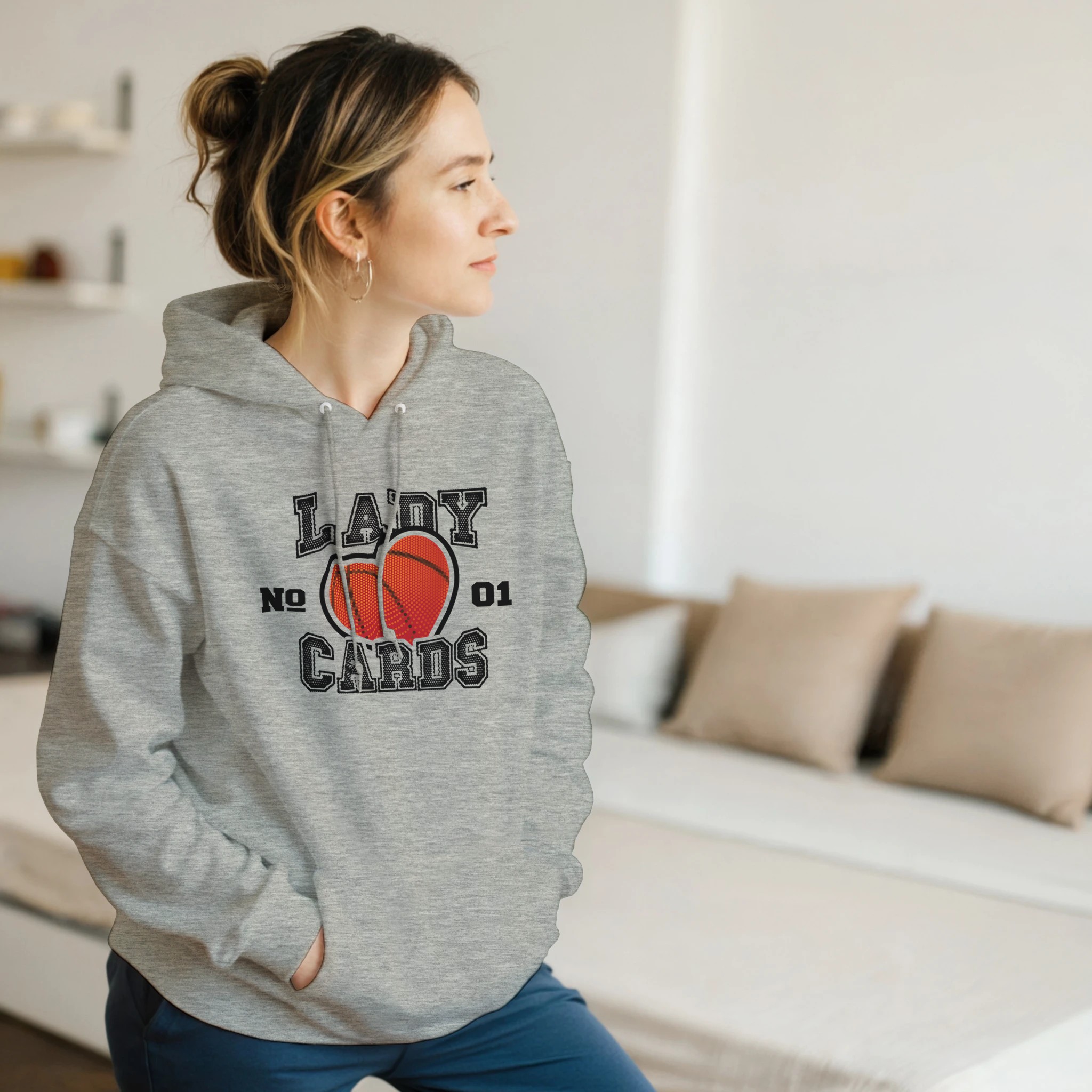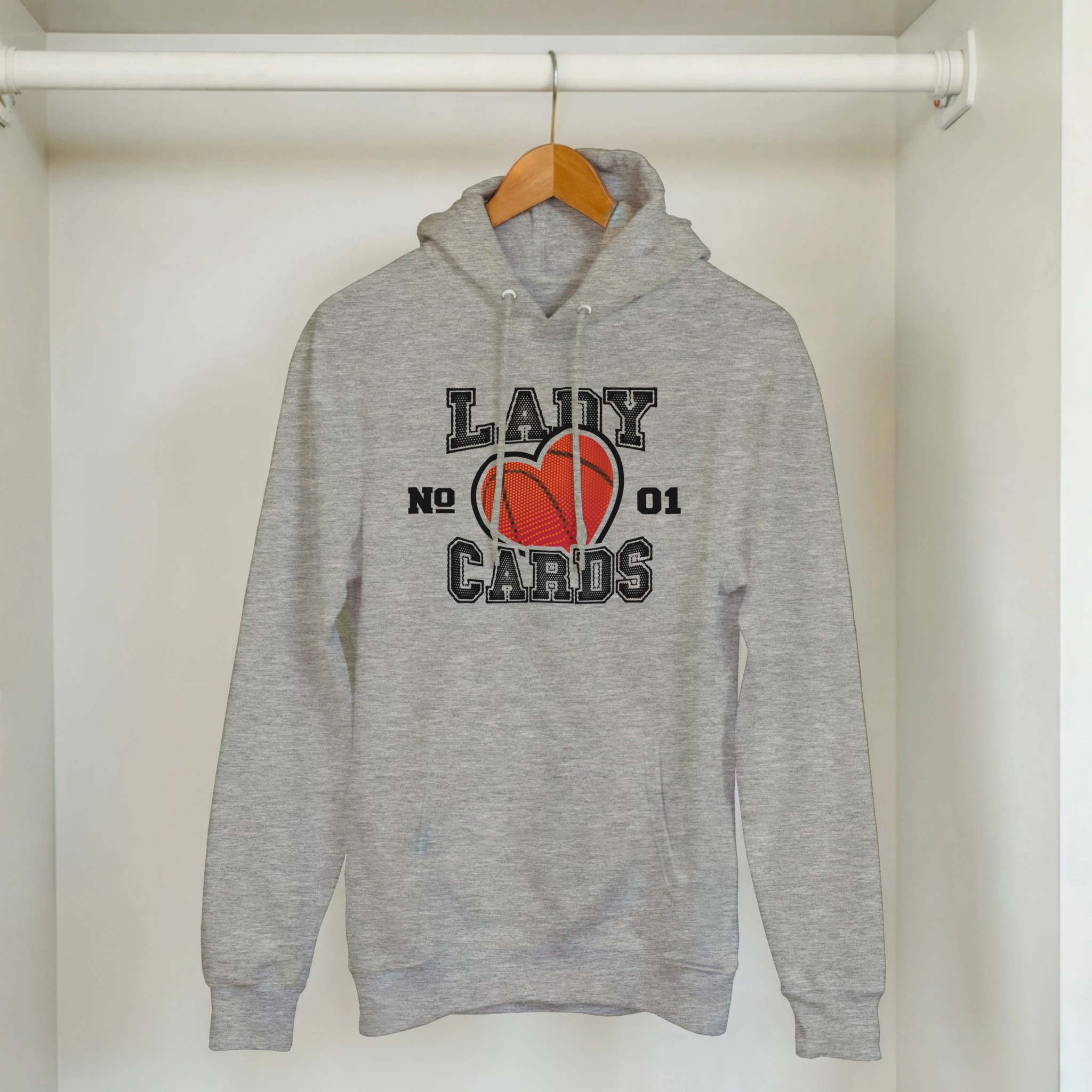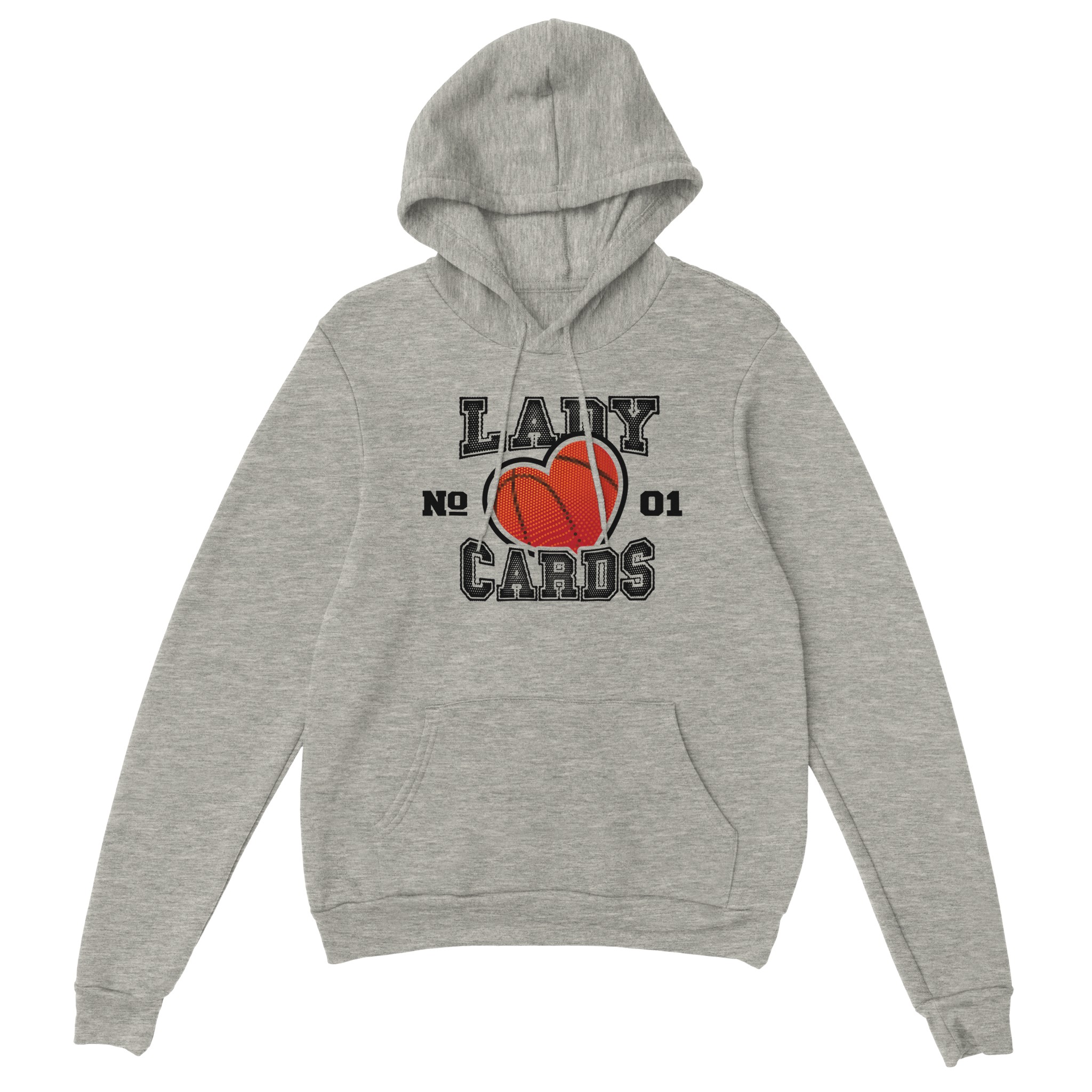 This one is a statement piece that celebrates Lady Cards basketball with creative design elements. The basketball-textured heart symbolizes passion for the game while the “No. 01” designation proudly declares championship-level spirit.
#####
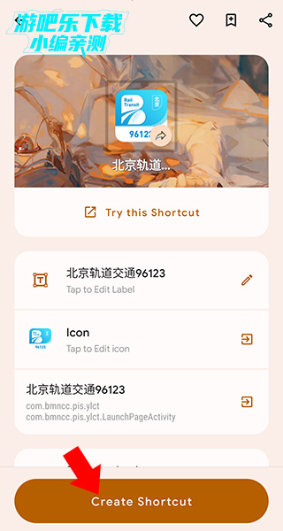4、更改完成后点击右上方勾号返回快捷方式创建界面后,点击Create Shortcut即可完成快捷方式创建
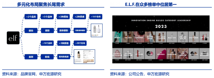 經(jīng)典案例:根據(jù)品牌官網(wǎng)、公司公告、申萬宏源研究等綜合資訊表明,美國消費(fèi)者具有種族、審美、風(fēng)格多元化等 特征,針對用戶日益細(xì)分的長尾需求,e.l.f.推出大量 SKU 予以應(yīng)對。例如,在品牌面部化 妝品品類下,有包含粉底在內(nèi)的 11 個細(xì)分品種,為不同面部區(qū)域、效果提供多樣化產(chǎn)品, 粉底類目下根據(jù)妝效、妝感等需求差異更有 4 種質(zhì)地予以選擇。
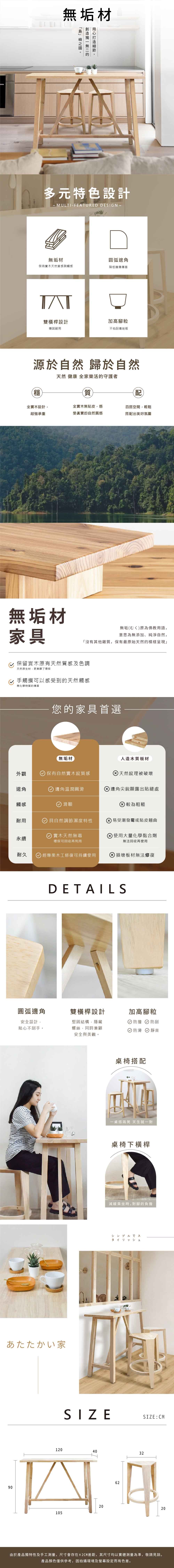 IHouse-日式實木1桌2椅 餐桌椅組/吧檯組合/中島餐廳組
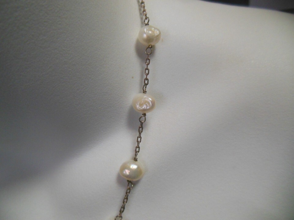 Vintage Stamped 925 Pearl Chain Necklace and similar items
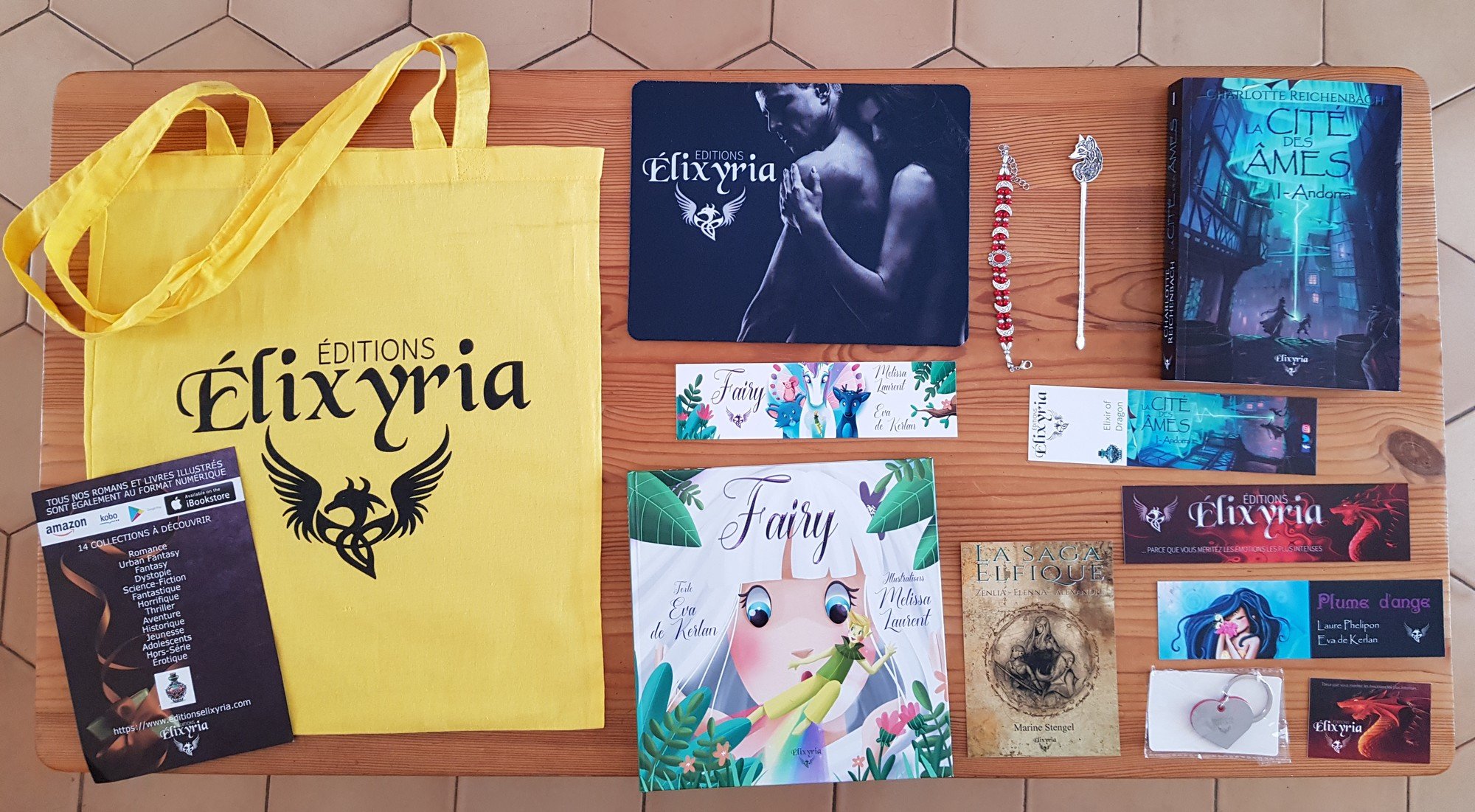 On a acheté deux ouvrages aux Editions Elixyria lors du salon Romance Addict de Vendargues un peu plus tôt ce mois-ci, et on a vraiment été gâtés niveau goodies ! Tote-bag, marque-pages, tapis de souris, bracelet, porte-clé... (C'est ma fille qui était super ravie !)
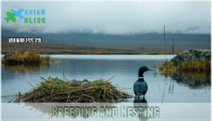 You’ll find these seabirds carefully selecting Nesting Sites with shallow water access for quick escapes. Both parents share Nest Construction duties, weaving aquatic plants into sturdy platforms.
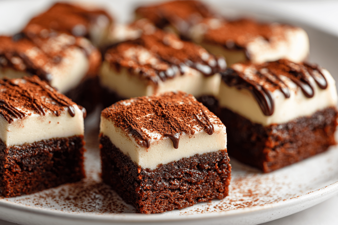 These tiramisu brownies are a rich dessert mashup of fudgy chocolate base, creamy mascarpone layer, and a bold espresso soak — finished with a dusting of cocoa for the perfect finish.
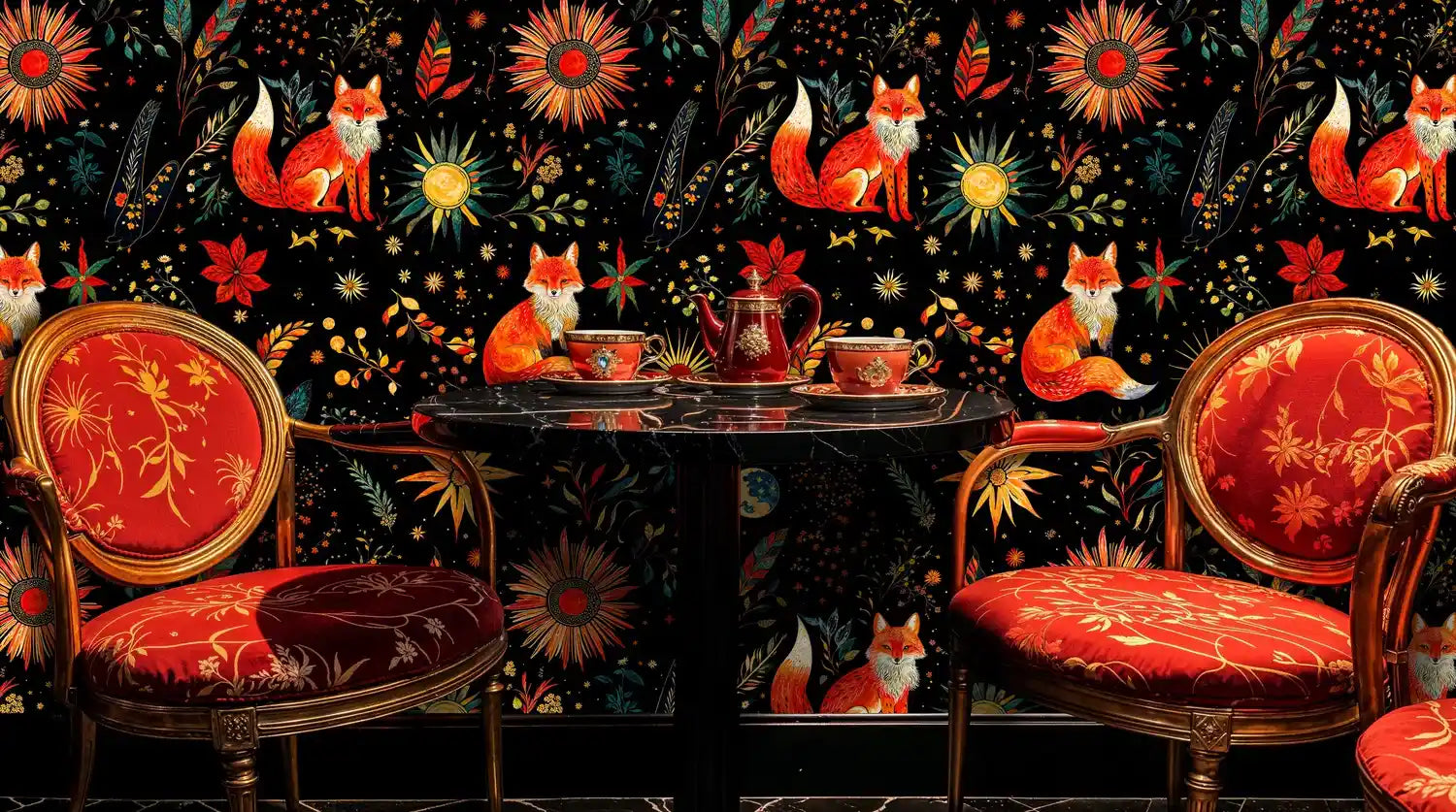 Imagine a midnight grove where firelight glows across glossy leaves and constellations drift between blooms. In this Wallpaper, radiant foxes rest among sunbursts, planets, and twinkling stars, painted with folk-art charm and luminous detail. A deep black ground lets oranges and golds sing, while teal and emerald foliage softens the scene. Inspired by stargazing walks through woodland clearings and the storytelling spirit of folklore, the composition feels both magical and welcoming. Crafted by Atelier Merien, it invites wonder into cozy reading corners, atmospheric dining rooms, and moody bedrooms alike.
#####
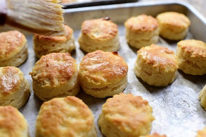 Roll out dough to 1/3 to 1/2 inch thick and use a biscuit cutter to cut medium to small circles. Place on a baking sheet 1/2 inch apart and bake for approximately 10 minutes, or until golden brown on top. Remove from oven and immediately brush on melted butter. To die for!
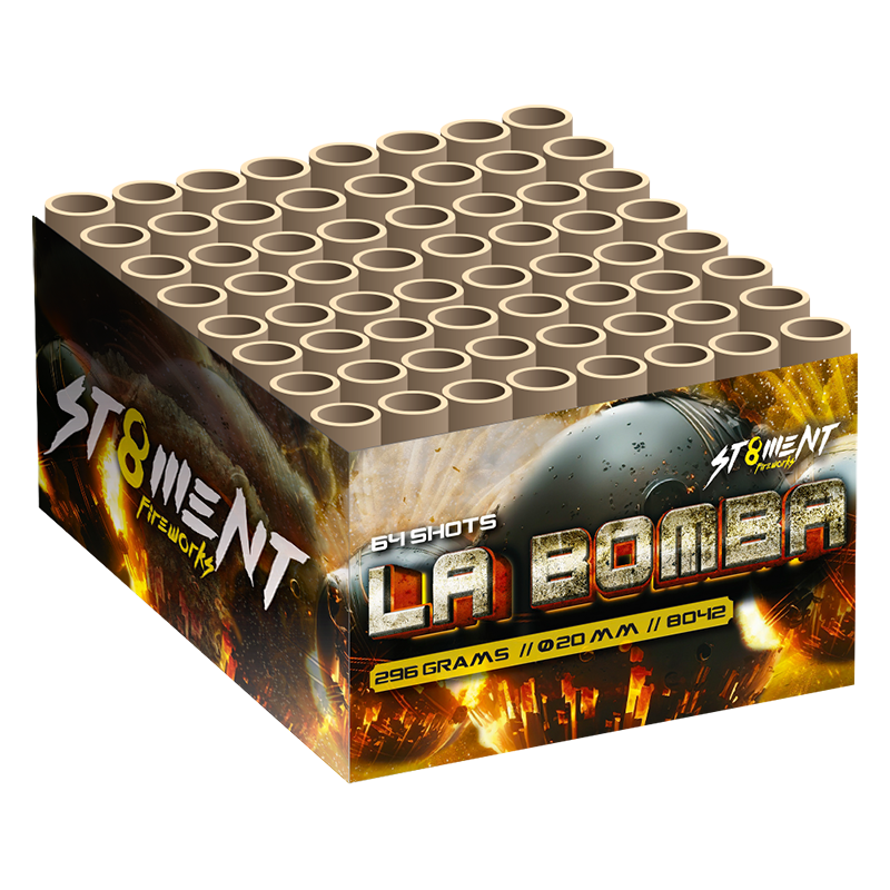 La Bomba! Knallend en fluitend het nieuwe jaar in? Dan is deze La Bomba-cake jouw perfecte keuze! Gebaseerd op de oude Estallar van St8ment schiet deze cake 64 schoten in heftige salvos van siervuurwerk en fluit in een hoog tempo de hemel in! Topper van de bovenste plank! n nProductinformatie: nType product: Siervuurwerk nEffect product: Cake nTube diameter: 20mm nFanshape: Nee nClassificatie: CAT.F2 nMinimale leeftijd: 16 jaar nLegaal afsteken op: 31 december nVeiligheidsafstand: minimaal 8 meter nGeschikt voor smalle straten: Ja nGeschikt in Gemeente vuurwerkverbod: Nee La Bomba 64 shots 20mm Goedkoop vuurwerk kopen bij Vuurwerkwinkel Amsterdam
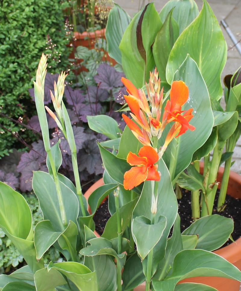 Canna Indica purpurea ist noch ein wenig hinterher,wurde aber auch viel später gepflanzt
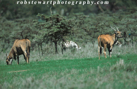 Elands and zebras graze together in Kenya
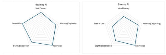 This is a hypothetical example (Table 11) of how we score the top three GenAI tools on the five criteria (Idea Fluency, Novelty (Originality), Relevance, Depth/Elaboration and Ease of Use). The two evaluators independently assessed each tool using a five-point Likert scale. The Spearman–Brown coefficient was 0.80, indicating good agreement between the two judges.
#####
Repeat exactly the stretch of the listing above that starts with the line holding "Vintage Stamped 925" and finishes with the line holding "These tiramisu brownies", both included. Skip every picture.

 Vintage Stamped 925 Pearl Chain Necklace and similar items
 On a acheté deux ouvrages aux Editions Elixyria lors du salon Romance Addict de Vendargues un peu plus tôt ce mois-ci, et on a vraiment été gâtés niveau goodies ! Tote-bag, marque-pages, tapis de souris, bracelet, porte-clé... (C'est ma fille qui était super ravie !)
 You’ll find these seabirds carefully selecting Nesting Sites with shallow water access for quick escapes. Both parents share Nest Construction duties, weaving aquatic plants into sturdy platforms.
 These tiramisu brownies are a rich dessert mashup of fudgy chocolate base, creamy mascarpone layer, and a bold espresso soak — finished with a dusting of cocoa for the perfect finish.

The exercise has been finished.